Home Sum specific section of column within list of data frames iterative (Python)

Questions

Sum specific section of column within list of data frames iterative (Python)

October 28, 2022

I have list of dfs (in the code below named "Input") which can vary in its length (regarding the amount of dfs) and I want to sum specific sections of each column which refers to the year in the first column of each df. In the end I want my code to give me back the exact same list of dfs but with the summed values in each column (in the code below named "output").
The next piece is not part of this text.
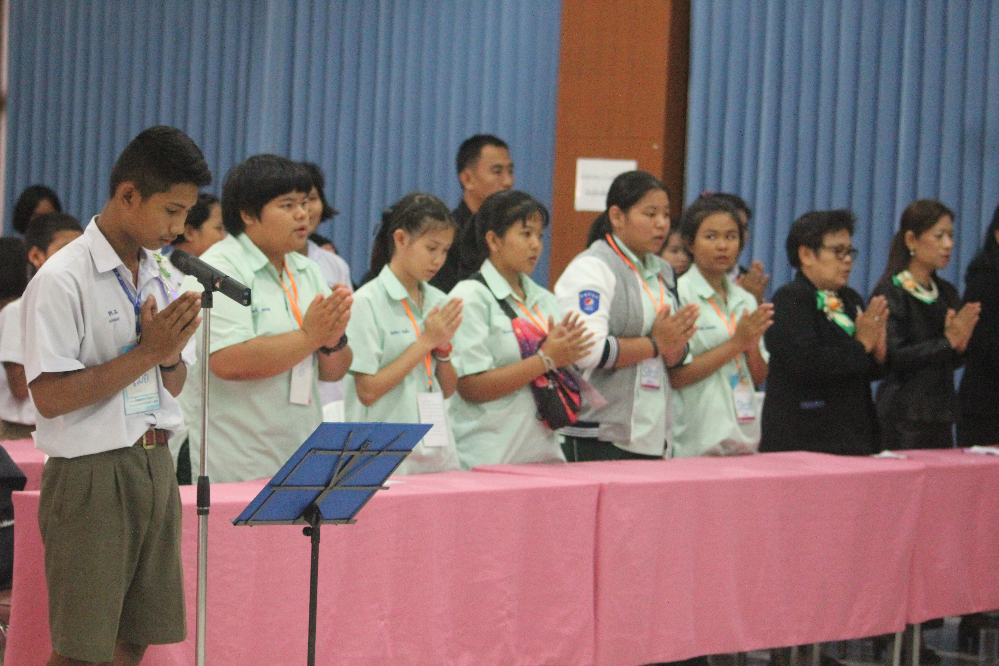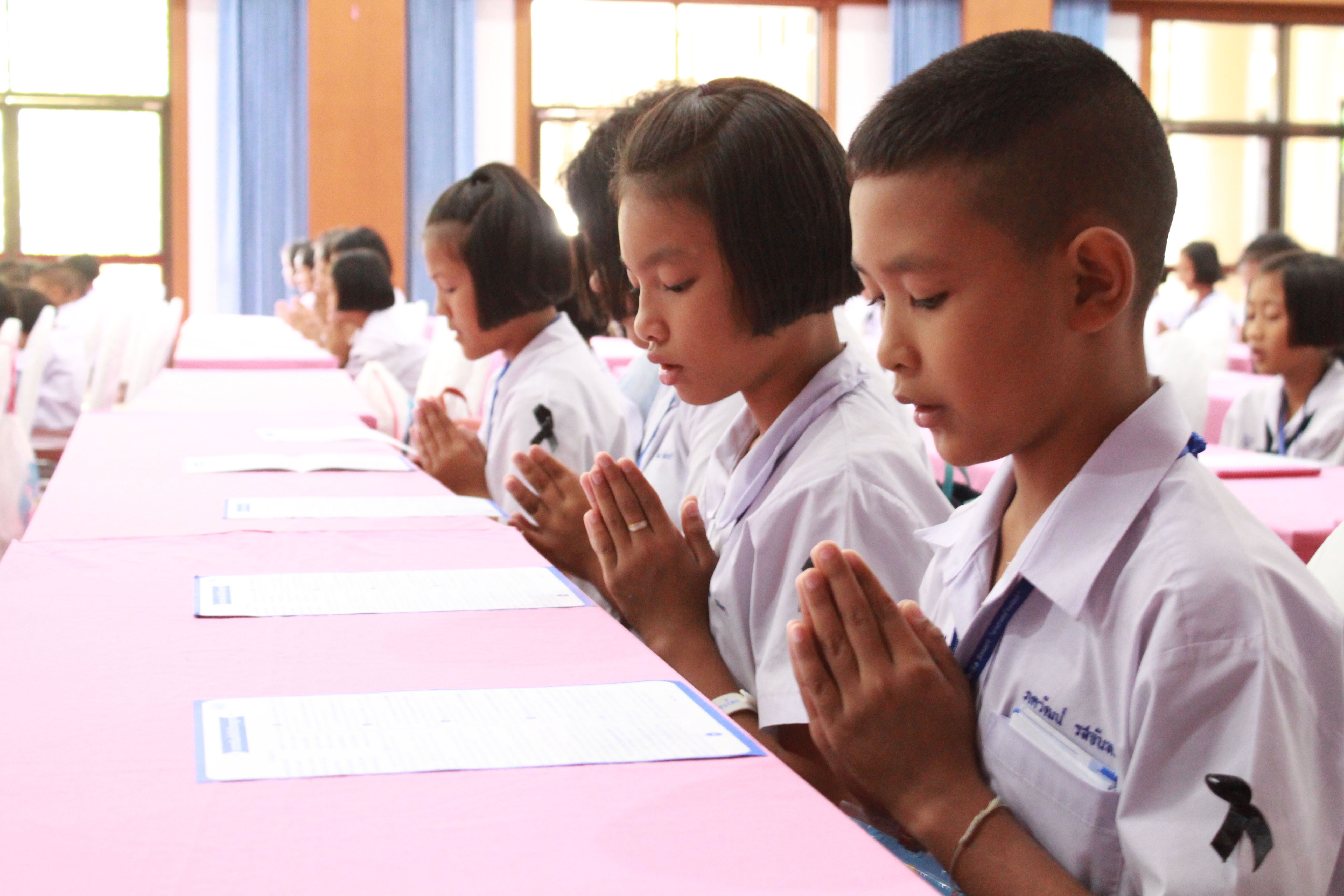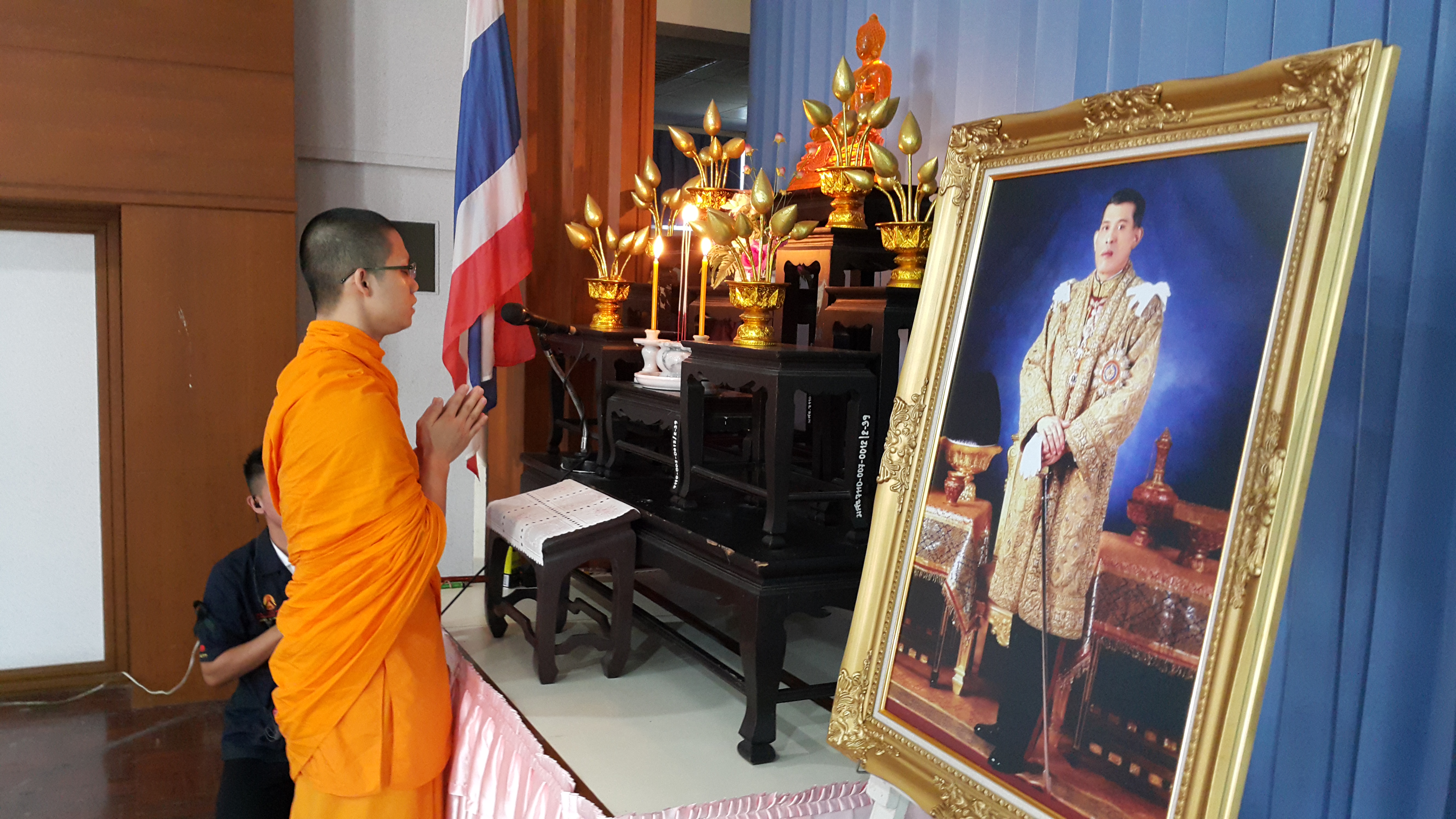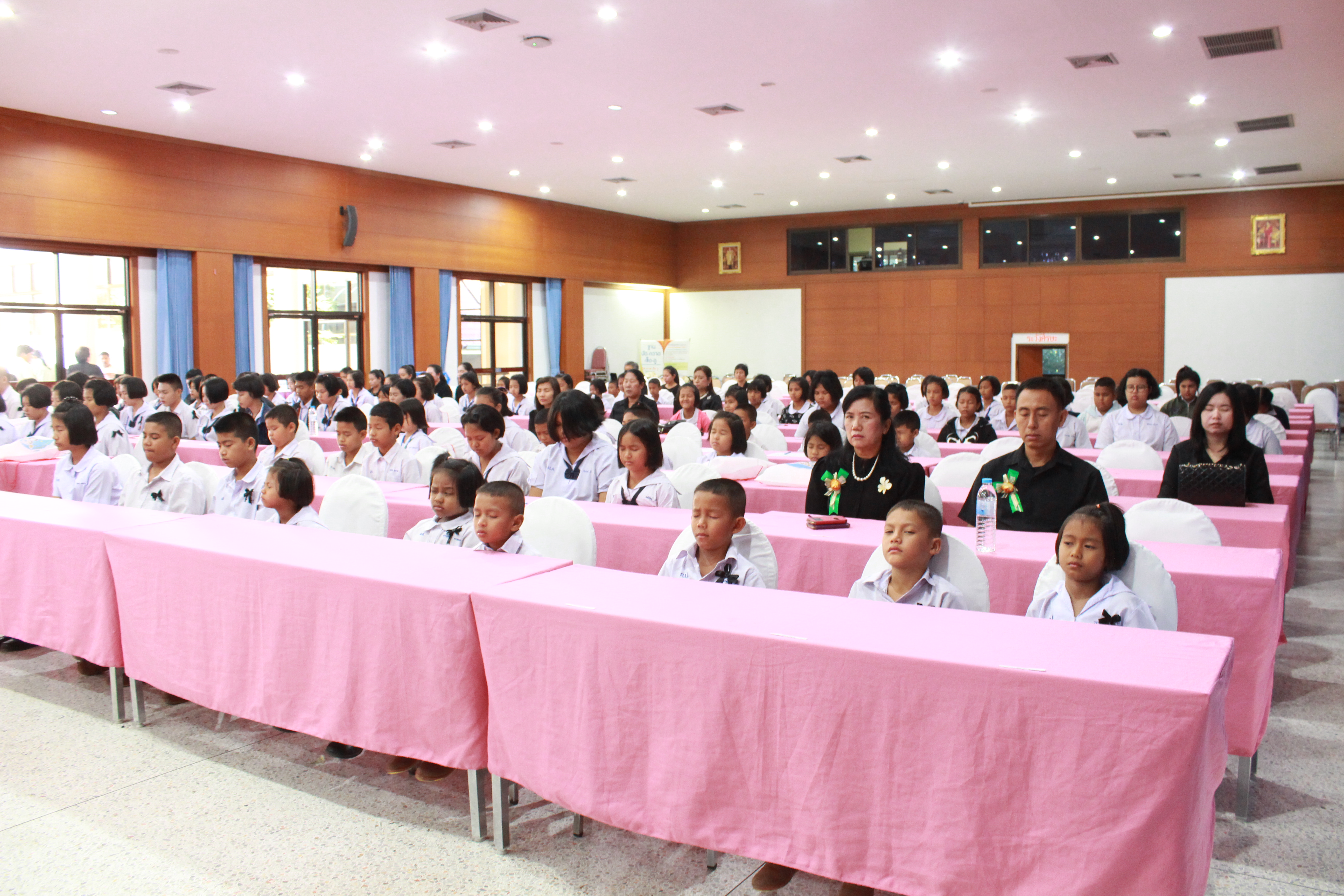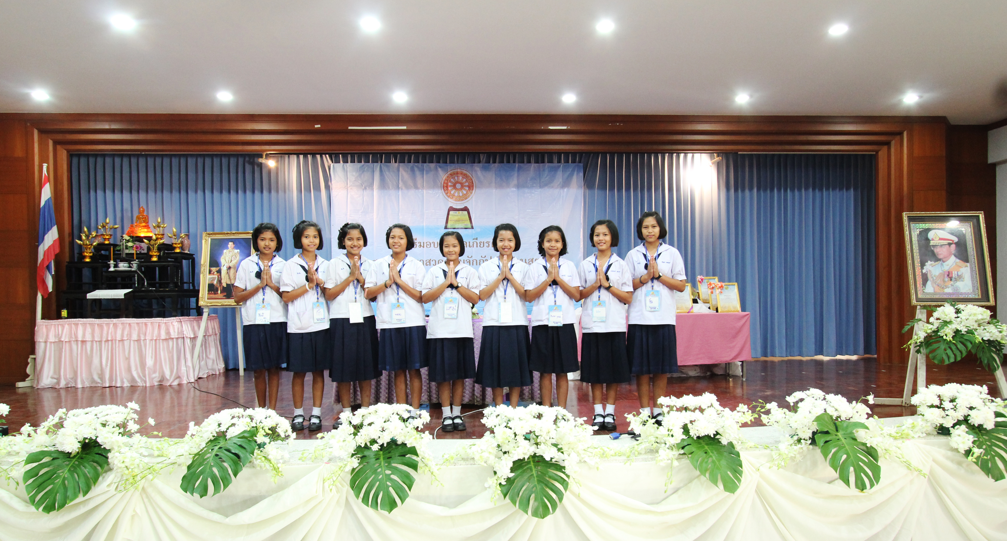 ในส่วนพิธีกรรมภาคบ่าย น้องได้ทำพิธีถวายความอาลัยแด่รัชกาลที่ ๙ โดยร้องเพลง พระราชาผู้ทรงธรรมและเพลงสรรเสริญพระบารมี จากนั้นตัวแทนนักเรียนได้กล่าวแสดงตนเป็นพุทธมามกะและกล่าวคำปฏิญาณตนของ V-STAR

So, I want to get from "Input" to "output".

import pandas as pd

# Input
l1 = [2022, 2022, 2022, 2022, 2023, 2023, 2023, 2023]
l2 = [1,2,3,4,5,6,7,8]
l3 = [2,3,4,5,6,7,8,9]
l4 = [1,2,3,4,5,6,7,8]
l5 = [2,3,4,5,6,7,8,9]
l6 = [1,2,3,4,5,6,7,8]


df00_in = pd.concat([pd.DataFrame(l1), pd.DataFrame(l2), 
                     pd.DataFrame(l3), pd.DataFrame(l4), pd.DataFrame(l5), pd.DataFrame(l6)], axis = 1)
df01_in = pd.concat([pd.DataFrame(l1), pd.DataFrame(l2), 
                     pd.DataFrame(l3), pd.DataFrame(l4), pd.DataFrame(l5), pd.DataFrame(l6)], axis = 1)
df02_in = pd.concat([pd.DataFrame(l1), pd.DataFrame(l2), 
                     pd.DataFrame(l3), pd.DataFrame(l4), pd.DataFrame(l5), pd.DataFrame(l6)], axis = 1)

# list of input dfs
Input = [df00_in, df01_in, df02_in]


###################################


# Output
l7 = [2022, 2023]
l8 = [sum(l2[:4]), sum(l2[4:])]
l9 = [sum(l3[:4]), sum(l3[4:])]
l10 = [sum(l4[:4]), sum(l4[4:])]
l11 = [sum(l5[:4]), sum(l5[4:])]
l12 = [sum(l6[:4]), sum(l6[4:])]


df00_out = pd.concat([pd.DataFrame(l7), pd.DataFrame(l8), 
                      pd.DataFrame(l9), pd.DataFrame(l10), pd.DataFrame(l11), pd.DataFrame(l12)], axis = 1)
df01_out = pd.concat([pd.DataFrame(l7), pd.DataFrame(l8), 
                      pd.DataFrame(l9), pd.DataFrame(l10), pd.DataFrame(l11), pd.DataFrame(l12)], axis = 1)
df02_out = pd.concat([pd.DataFrame(l7), pd.DataFrame(l8), 
                      pd.DataFrame(l9), pd.DataFrame(l10), pd.DataFrame(l11), pd.DataFrame(l12)], axis = 1)


# list of output dfs
output = [df00_out, df01_out, df02_out]

In the example above I added each year only four times (quarterly), but it can happen that every year will appear 12 times (so monthly and the dfs will expand in the same way). So, my idea is some kind of "SumIf: years are the same".
Any ideas on that? THX!

>Solution :

You have a very strange way of defining dataframe, you can simply give a list of list (or list of dict, or dict of list, or dict of dict, etc.). You should check the doc on that.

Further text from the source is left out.